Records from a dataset
======

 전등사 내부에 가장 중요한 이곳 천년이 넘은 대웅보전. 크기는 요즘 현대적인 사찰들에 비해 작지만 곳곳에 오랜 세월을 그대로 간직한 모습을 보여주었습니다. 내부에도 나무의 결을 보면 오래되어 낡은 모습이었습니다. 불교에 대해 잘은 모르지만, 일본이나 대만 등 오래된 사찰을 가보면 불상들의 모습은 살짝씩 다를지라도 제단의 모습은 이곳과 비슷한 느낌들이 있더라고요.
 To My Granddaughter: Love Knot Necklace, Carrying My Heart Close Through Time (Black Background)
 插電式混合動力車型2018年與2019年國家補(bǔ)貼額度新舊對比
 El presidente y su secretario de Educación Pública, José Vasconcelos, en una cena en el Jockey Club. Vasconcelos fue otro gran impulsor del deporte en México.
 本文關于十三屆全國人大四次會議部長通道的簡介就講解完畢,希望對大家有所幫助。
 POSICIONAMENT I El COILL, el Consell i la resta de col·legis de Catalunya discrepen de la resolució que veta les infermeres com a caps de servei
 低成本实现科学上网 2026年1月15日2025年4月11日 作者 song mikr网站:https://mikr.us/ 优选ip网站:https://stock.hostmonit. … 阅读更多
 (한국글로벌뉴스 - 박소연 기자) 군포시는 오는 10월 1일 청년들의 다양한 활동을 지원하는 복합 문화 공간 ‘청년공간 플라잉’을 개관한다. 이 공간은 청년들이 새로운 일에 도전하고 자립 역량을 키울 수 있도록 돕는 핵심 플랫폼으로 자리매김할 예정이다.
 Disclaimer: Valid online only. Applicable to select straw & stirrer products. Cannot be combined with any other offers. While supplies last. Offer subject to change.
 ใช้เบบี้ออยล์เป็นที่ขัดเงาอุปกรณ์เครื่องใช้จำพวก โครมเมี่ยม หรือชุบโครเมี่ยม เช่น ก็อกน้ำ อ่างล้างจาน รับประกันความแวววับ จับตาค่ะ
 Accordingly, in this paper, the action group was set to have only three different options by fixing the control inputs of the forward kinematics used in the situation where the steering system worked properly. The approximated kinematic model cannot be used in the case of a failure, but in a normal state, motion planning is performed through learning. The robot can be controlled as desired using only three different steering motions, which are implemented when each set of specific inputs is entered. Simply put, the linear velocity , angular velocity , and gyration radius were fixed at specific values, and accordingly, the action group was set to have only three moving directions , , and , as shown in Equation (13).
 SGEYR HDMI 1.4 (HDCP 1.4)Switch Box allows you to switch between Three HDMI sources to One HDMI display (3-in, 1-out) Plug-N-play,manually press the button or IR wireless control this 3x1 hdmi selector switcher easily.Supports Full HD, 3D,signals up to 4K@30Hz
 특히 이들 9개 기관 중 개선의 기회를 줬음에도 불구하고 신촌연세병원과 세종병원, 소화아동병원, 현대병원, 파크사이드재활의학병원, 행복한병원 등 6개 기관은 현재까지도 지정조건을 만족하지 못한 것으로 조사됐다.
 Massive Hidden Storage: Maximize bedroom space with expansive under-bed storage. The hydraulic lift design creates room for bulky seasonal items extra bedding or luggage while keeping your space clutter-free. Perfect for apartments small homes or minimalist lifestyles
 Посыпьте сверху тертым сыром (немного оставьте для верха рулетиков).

======

**To do**: Would you show every line in the data above that contains the string "this"?

**Response**:
 Accordingly, in this paper, the action group was set to have only three different options by fixing the control inputs of the forward kinematics used in the situation where the steering system worked properly. The approximated kinematic model cannot be used in the case of a failure, but in a normal state, motion planning is performed through learning. The robot can be controlled as desired using only three different steering motions, which are implemented when each set of specific inputs is entered. Simply put, the linear velocity , angular velocity , and gyration radius were fixed at specific values, and accordingly, the action group was set to have only three moving directions , , and , as shown in Equation (13).
 SGEYR HDMI 1.4 (HDCP 1.4)Switch Box allows you to switch between Three HDMI sources to One HDMI display (3-in, 1-out) Plug-N-play,manually press the button or IR wireless control this 3x1 hdmi selector switcher easily.Supports Full HD, 3D,signals up to 4K@30Hz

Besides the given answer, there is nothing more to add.